When it comes to relationships, it’s hard to let go. The difficulty behind letting go of a relationship depends on the person, and the relationship itself, but it’s rarely easy.
I have a hard time letting go of relationships because I have a hard time admitting failure. When I know I need to get out of a relationship, I also know I have to admit defeat. It’s not that I think about my relationships as win or lose situations, it’s just that something went wrong, and I have to acknowledge that I’m powerless to fix it. This is difficult for me, but it’s also necessary.
This certainly isn’t the case for everyone, but people do have an issue with their inability to control the outcome of a specific relationship. This is the very reason we call it ‘letting go’, because that’s exactly what it is. At some point, we need to be strong enough to just let it go rather than try and fix the unfixable. Relationships take time, energy, and attention, especially the ones we’re trying to fix; you need to figure out at what point your relationship no longer deserves these resources. At what point is it time to let go?
There are some common themes of negative relationships that will tell you whether it’s time to let go.
Although every relationship is different, there are red flags that shouldn’t be ignored, and they can be found in a number of the bad relationships people find themselves trying to fix. It’s much harder for a married couple with children to let go than it is for two friends or two business partners, but if you notice any of these themes, you need to seriously consider saying enough is enough.
It doesn’t matter what type of relationship you’re in, if you notice any physical, verbal, or emotional harm, you need to let go. These types of relationships and situations are difficult to navigate, because chances are they’ve been going on for some time. The more the self-esteem of the victim has been chiseled, the harder it will be for them to leave.
Lack of trust is another important theme.

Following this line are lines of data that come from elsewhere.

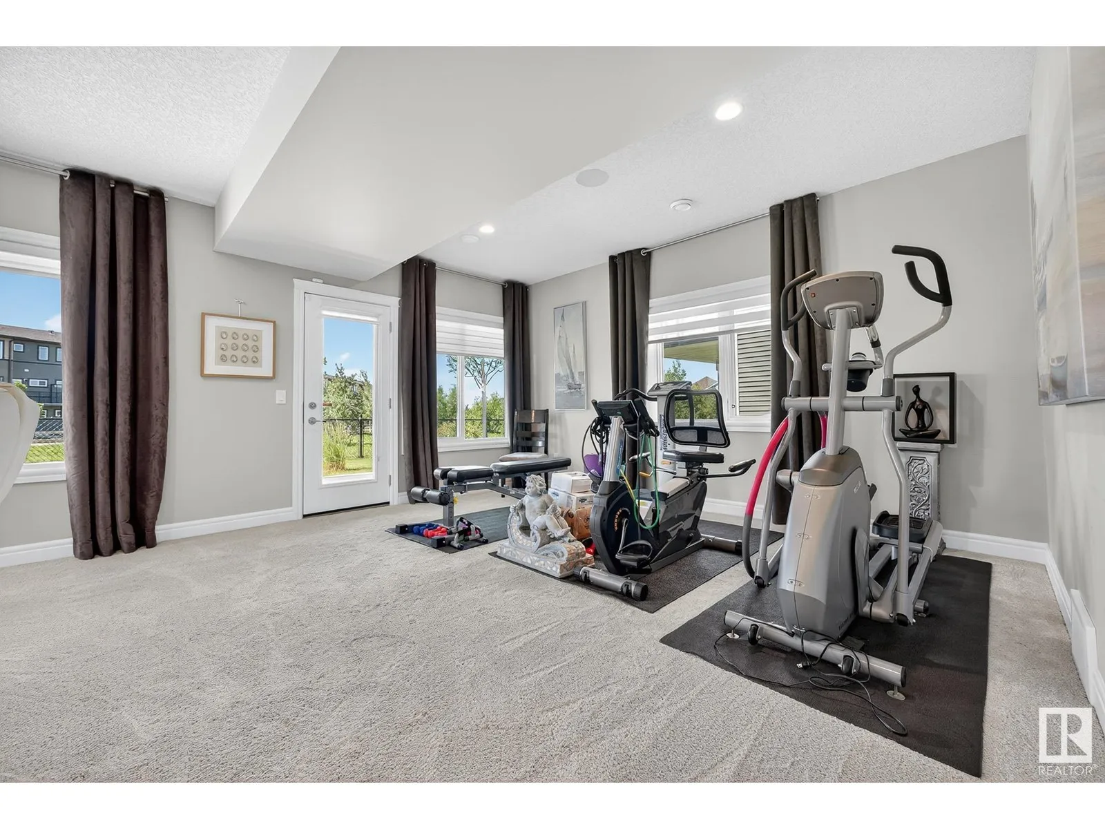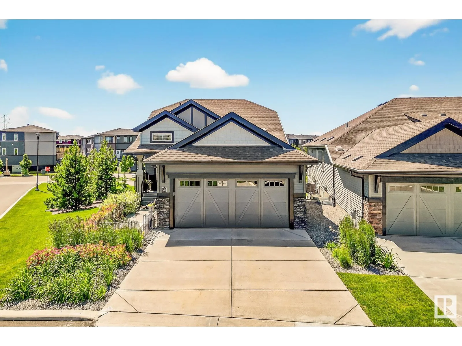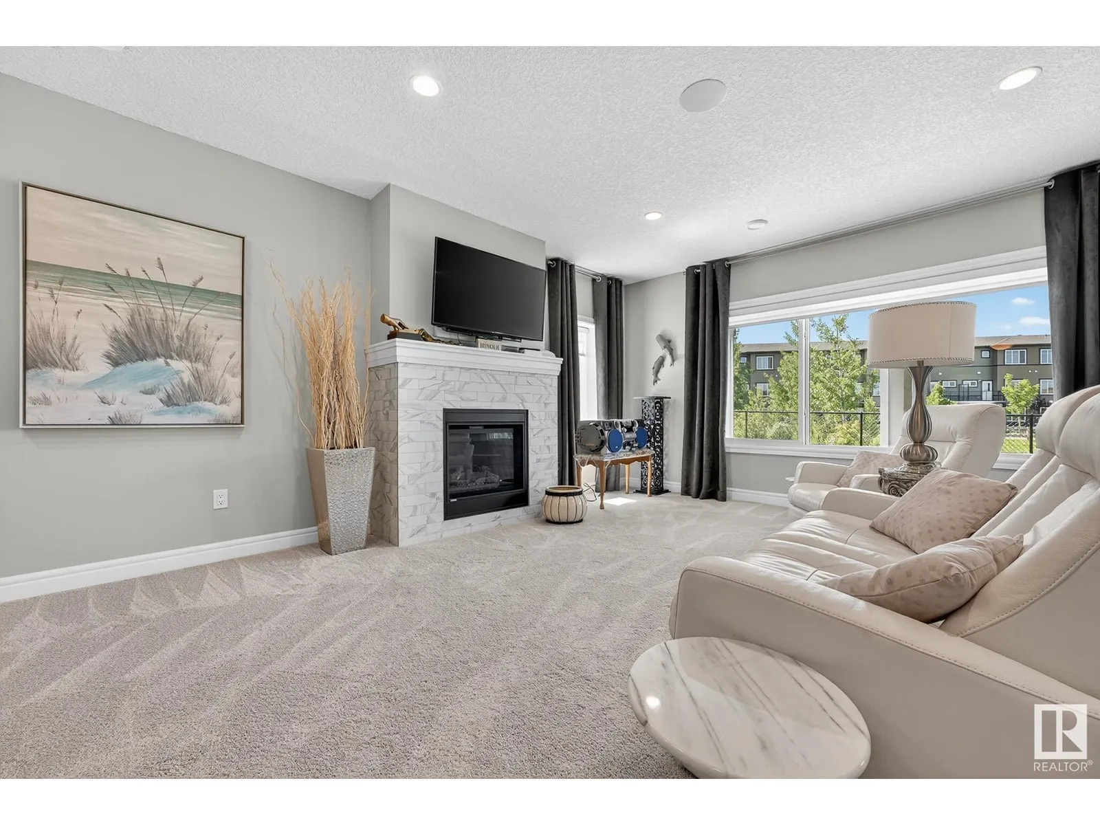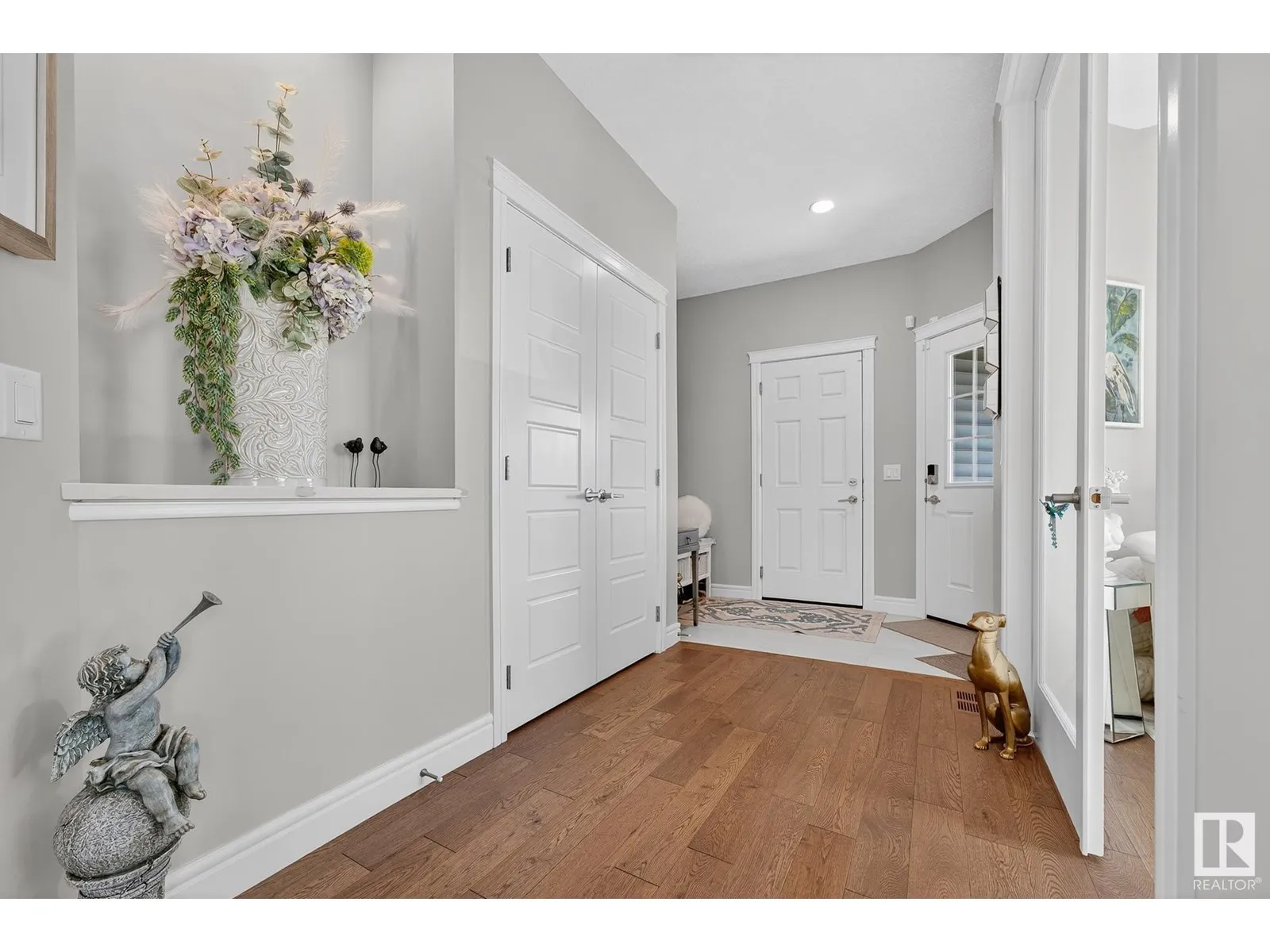 Experience elevated living in this exquisite former showhome in the Vistas at Orchardsâa rare walkout bungalow offering 2,600+sqft of designer-crafted space with private southwest exposure backing a scenic walking path. From the soaring entry to the rich engineered hardwood flooring, iron railings, and expansive triple-pane windows, every detail exudes sophistication. The chef-inspired kitchen features floor-to-ceiling cabinetry, quartz counters, and high-end built-in appliances. Relax by one of 2 elegant fireplaces or step onto the sun-drenched deck with glass railings. The luxurious primary suite offers a spa-like 5-pc ensuite and walk-in closet. The finished walkout basement includes 2 bedrooms, second den, rec room, bar area, and a full-width concrete patio. Complete w/Bose built-in speakers, air conditioning, custom drapes, heated double garage, and maintenance-free living. Enjoy exclusive access to trails, schools, parks & easy connectivity to shops and major routes to the city. (id:27476)
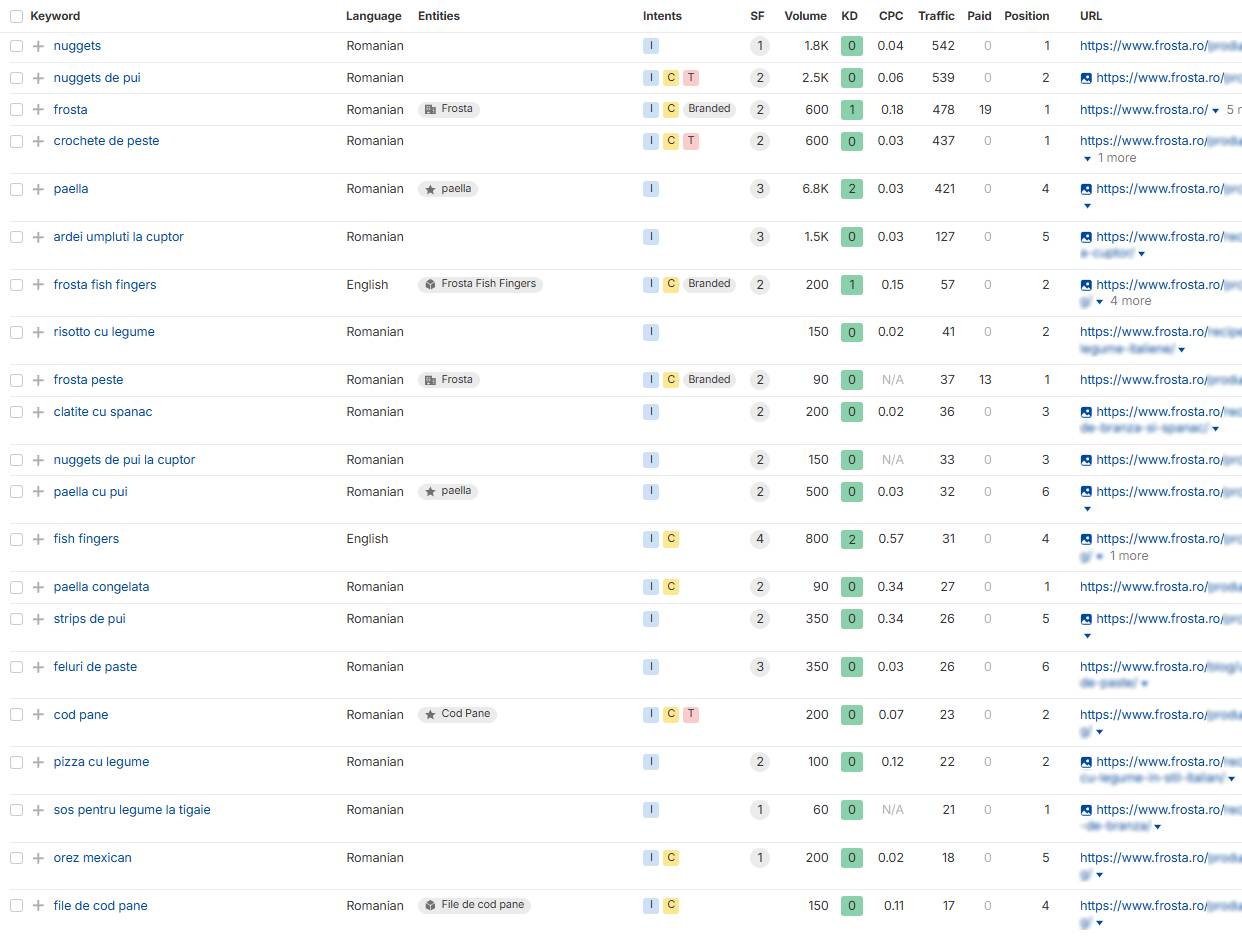 O vizibilitate extinsă pentru 98 cuvinte cheie, dintre care 82 sunt clasate pe prima pagina de rezultate Google.
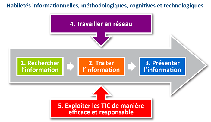 Le Profil TIC est constitué de 5 habiletés informationnelles, méthodologiques et technologiques attendues chez une personne finissante du collégial.
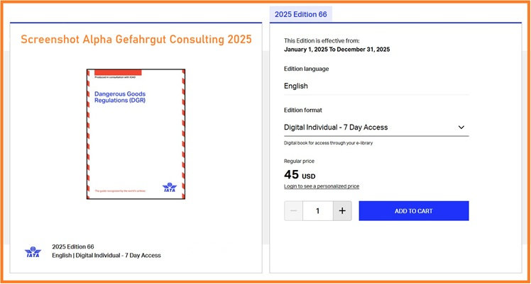 Eine gute Option füe eine Schulungsunterlage: Eine IATA-DGR mit zeitlich begrenztem Zugriff.
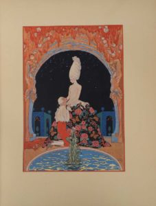 de George Barbier, dont le titre décoré et 20 planches, coloriées au pochoir. La couverture comporte en outre deux compositions. Tiré à 1200 exemplaires : un des 800 sur vélin pur fil de Rives contenant l'état définitif des illustrations.
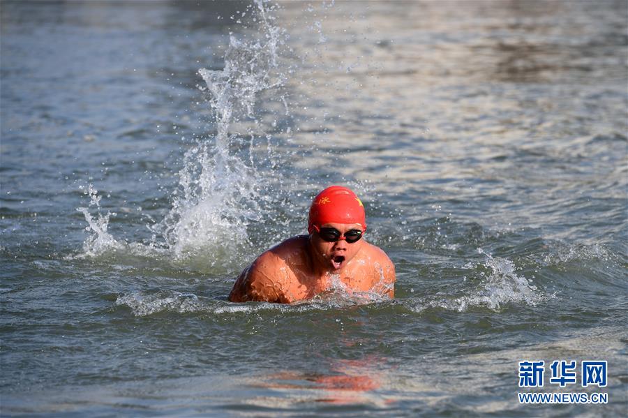 12月20日,83歲的冬泳愛好者周漢英在黃河冬泳。新華社記者陶希夷攝
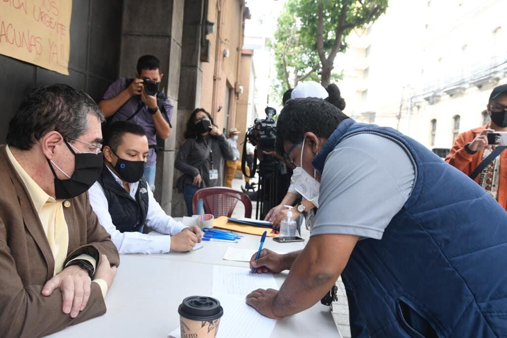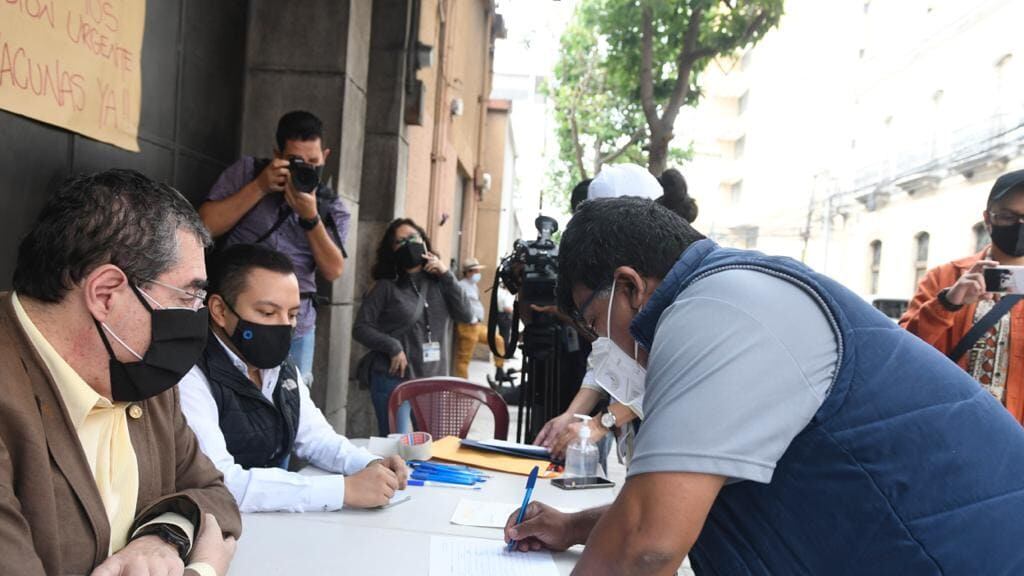 Diputados de la bancada Semilla instalaron en la zona 1 de la capital una mesa y solicitaron firmas a ciudadanos para requerir a la Comisión Permanente del Congreso de la República que se convoque a una reunión de urgencia.
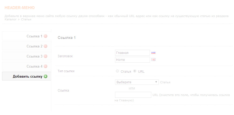 Здесь вы найдете все настройки, связанные с верхней секцией (т.н. header) шаблона - включая улучшенное меню категорий (также называемое Mega-меню) и встроенный модуль header-меню.
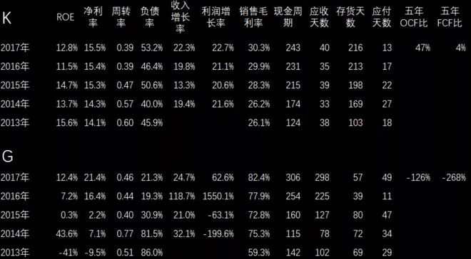 现在我想问问现场的球友,大家觉得上面的K公司更值得投资的请举手?有不少。认为下面G公司更值得投资的请举手?相对少一些。恭喜刚刚举手的球友,我想告诉大家的是这两家公司都是财务造假的公司,这里不点名。为什么?其实下面G公司非常明显,可以看到过去五年经营现金流完全是负值,自由现金流不用说,更差。上面K公司虽然是正值,但是也不特别理想,当然它造假还有很多其他的因素特征,我这里只是针对现金流做一些分析。
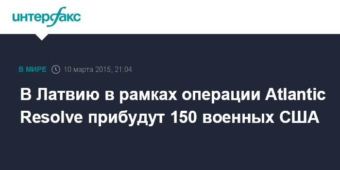 Москва. 10 марта. INTERFAX.RU - В рамках операции Atlantic Resolve в Латвию в марте из Германии прибудет одна из рот третьей пехотной дивизии, в составе которой примерно 150 военнослужащих, сообщили агентству BNS в посольстве США в Риге.
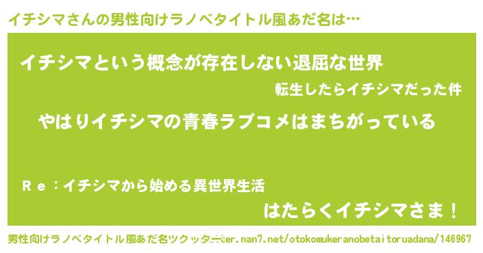 | 女子向けラノベタイトル風あだ名 | 『イチシマ伯爵の花嫁』 |
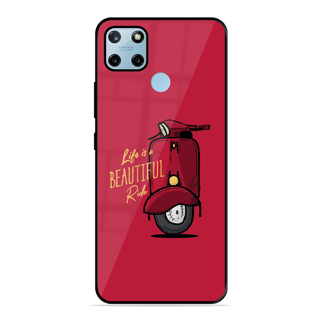 Tempered Glass Coated Metal Back Case for Realme C25Y Ride Is Life
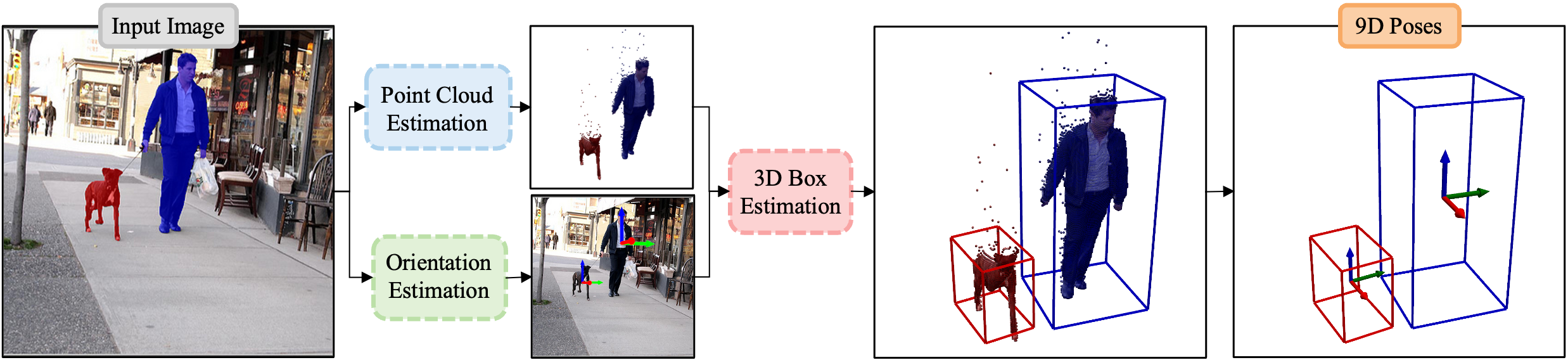 The pipeline takes a 2D image and masks as input and simultaneously estimates both the 3D point clouds and the orientation for the objects. Next, this information is used to fit oriented bounding boxes for each object. Finally, this process outputs the 9D poses, which define the precise location, size, and orientation of each object in 3D space.
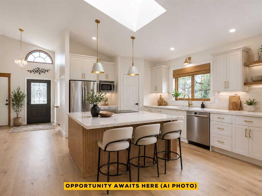 The main living area is warm and inviting, complete with a fireplace that anchors the space and makes it perfect for everyday living and entertaining. At the front of the home, you’ll find a dedicated dining room that could easily be converted into a home office or even an additional bedroom, offering flexibility depending on your needs.

You can’t have a meaningful relationship if you can’t trust the person you’re with. Providing them with a second chance is understandable, but if they continue to show patterns of disloyalty, deceit, or dishonesty, you need to let them go. Trust is absolutely essential in a healthy relationship, and it can drive a person crazy if they can’t trust their spouse, friend, or significant other. The longer you stay in the relationship, the worse it will become, and it may have a negative impact on future relationships as well.
You shouldn’t have to compromise your core values for the sake of a relationship.
Making compromises is fine, and actually important to any relationship, but there are some things you shouldn’t compromise, just like your partner, friend, spouse shouldn’t either. This can be a difficult realization to make, especially if you and the other person seem to click in every other aspect of the relationship. However, it’s important, and it’s important enough to say it’s time to let go.
Communication can either make or break a relationship, and it’s absolutely cause to let go if you feel like it’s lacking irreversibly.
Fortunately, communication can be practiced, but it takes two willing participants to make it work. Even if you feel like you’re communicating at an optimal level, you need to practice with the other person in order to make any difference at all. Like trust, you can’t have a relationship with anyone without being able to communicate. Communication can look different inside different relationships, but it’s important you both are satisfied.
If you notice any of these themes of negative relationships within your own, take time to evaluate. Letting go is hard, but it also teaches us how to be strong, how to move forward, and how to establish healthy boundaries that carry over into our new relationships.